OK, one romantic gesture in 25 years........what more could a woman ask for?
Note for portion of male population which hopes to have continued presence of women in their lives....
Birthday, Christmas, Valentine's day, anniversary (whatever kind)...if you can't keep track and DO something for your honey on these days (NOT just before or just after...THE DAY!!!) go back in your cave and live alone. These are called dues. Not facts. Not rationale. Not sensible or practical. Just DUES. Get with it or forget it and get out. Forgetfulness is a mortal, unrecoverable sin in these four instances.
It doesn't matter if you don't understand or don't agree or resent it. Shut up about it, suck it up, and do it. You'll never understand. Don't try. Just do the deed. It allows life to continue with much less aggravation.
Amen Asolo. You said a mouthful there. Being a man and when I am in a relationship I always remember the holidays and special events. But I am a romantic at heart and when I am in a relationship I like to leave little notes for my partner saying hi and letting them know that I was thinking about them. What has happened to romance and chilvary in this world? Yesterday at work for Valentine's day I bought all the women who work with me in a candy and put it on their desk for a Valentine's present. It wasn't much but its the thought that counts. One of them had just broken up with her financee last month and she thought she would not get anything for Valentine's day. She really enjoyed it and said that I made her day. Hearing her say that blessed my day and made my day a whole lot brighter. I was glad I was able to do that.

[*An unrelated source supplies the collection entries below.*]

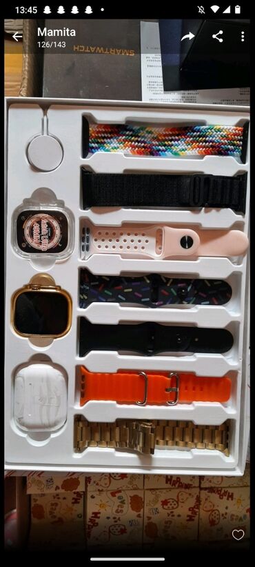 Mak odela: Pametni sat Ekran: 2,3 inča Površine sata: Višestruko praćenje zdravlja i fitnesa: puls, krvni pritisak, kiseonik u krvi, san, koraci, sagorele kalorije, pređena razdaljina Obaveštenja o pozivima i porukama Reprodukcija muzike Daljinska kontrola kamere Otpornost na vodu: IP67 slušalice Bežično poništavanje buke Kontrole na dodir Dodatne funkcije Sa sedam traka Kontrola futrole za sat.
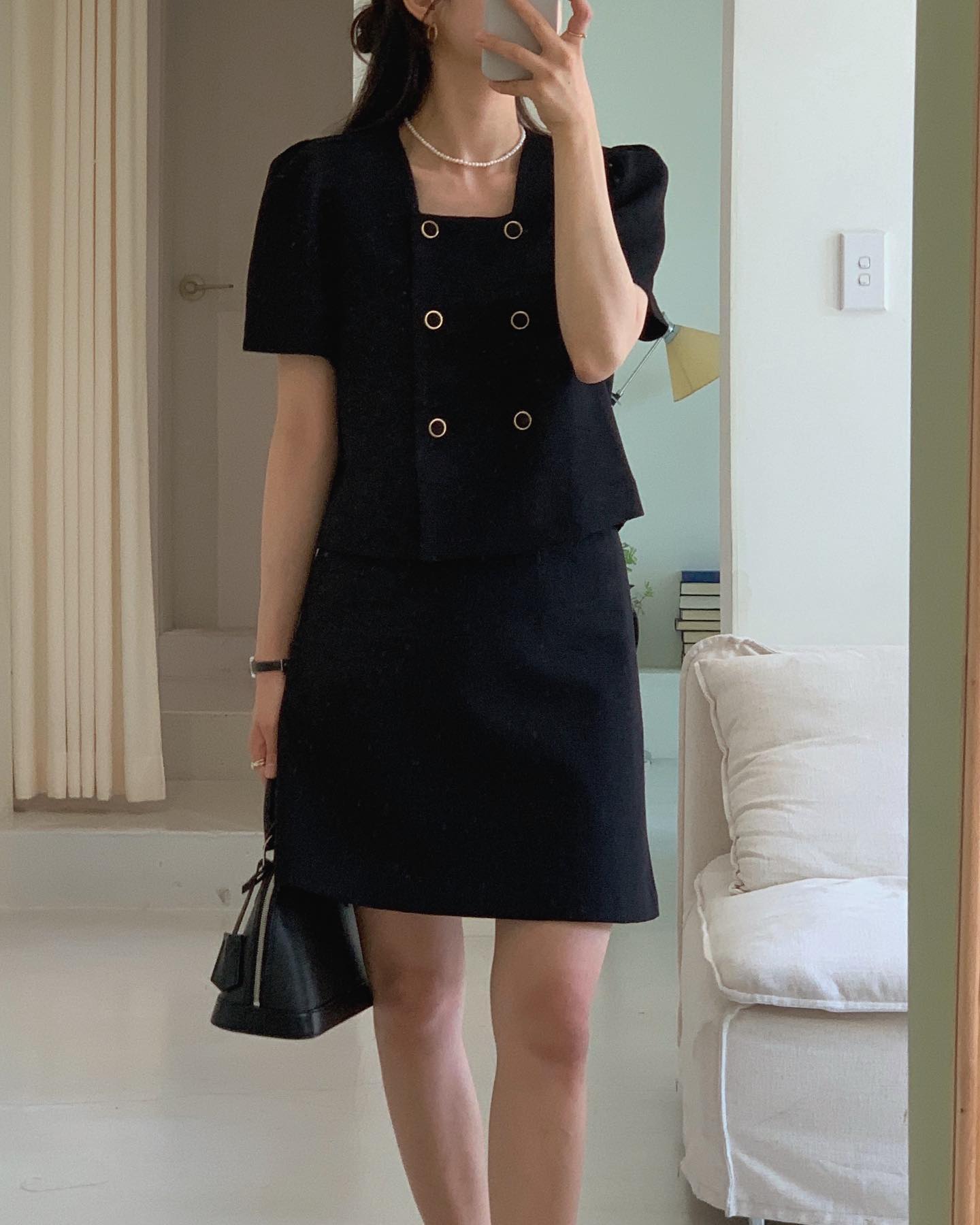 Trang phục màu đen luôn là lựa chọn lý tưởng để diện trong những ngày mưa. Công thức áo cổ vuông và chân váy đồng bộ có sự sang trọng, quý phái. Dẫu vậy, bộ đồ không hề cộng tuổi cho người diện nhờ thiết kế chân váy ngắn. Khi tô điểm chiếc vòng cổ ngọc trai, tổng thể trang phục thêm nổi bật, long lanh.
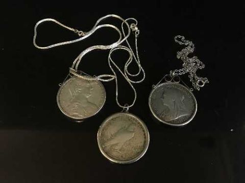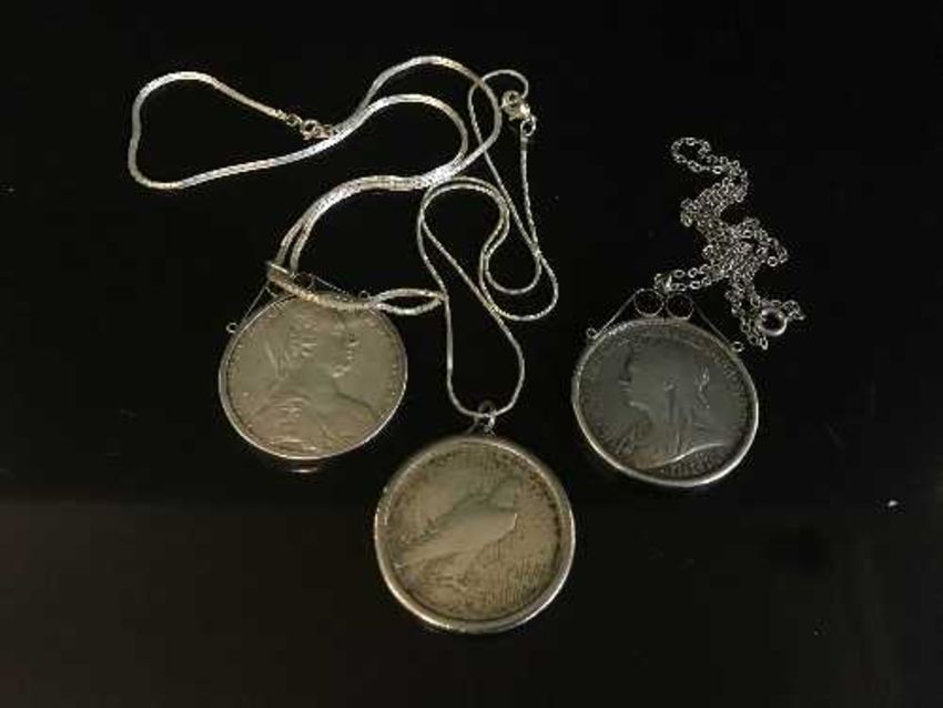 Three silver coin pendants to include a 1900 Crown, another continental coin and an American 1922 Eagle

Very well spoken from some men on this board. Thank you!
I was very surprised to receive a Valentine's card from my SO on Monday. Considering he is out of the country for several weeks, this meant he had to think ahead... and that means more to me than anything.
I was chatting with a friend who suggested that Valentine's Day be renamed "Singles Awareness Day."
Say, I gotta disagree with some of that! It's not dues! Not at all. It's courtesy, respect, honor, love ...
To call it dues is none of those ... dues are what you pay when you join a book club or the gym or pay for an overdue library book or some other such ... but certainly not what you pay to someone you care about ...
I wouldn't care WHAT day it was on. A loving gesture is welcome anytime. A gesture just because a guy thought it was DUES would be just that. Empty, a "had to or else" kind of thing. Not very romantic in my book. Like the card in the bag. It didn't mean anything to him. Why would I demand something that had no meaning? I would rather have nothing.
Romance is not a holiday.
Hi guys, I'm peeking in again because the other forum is dead.
I think haliwa has it right. Me and my SO decided to skip Valentines day - only because he is so romantic every day that V-day seemed redundant.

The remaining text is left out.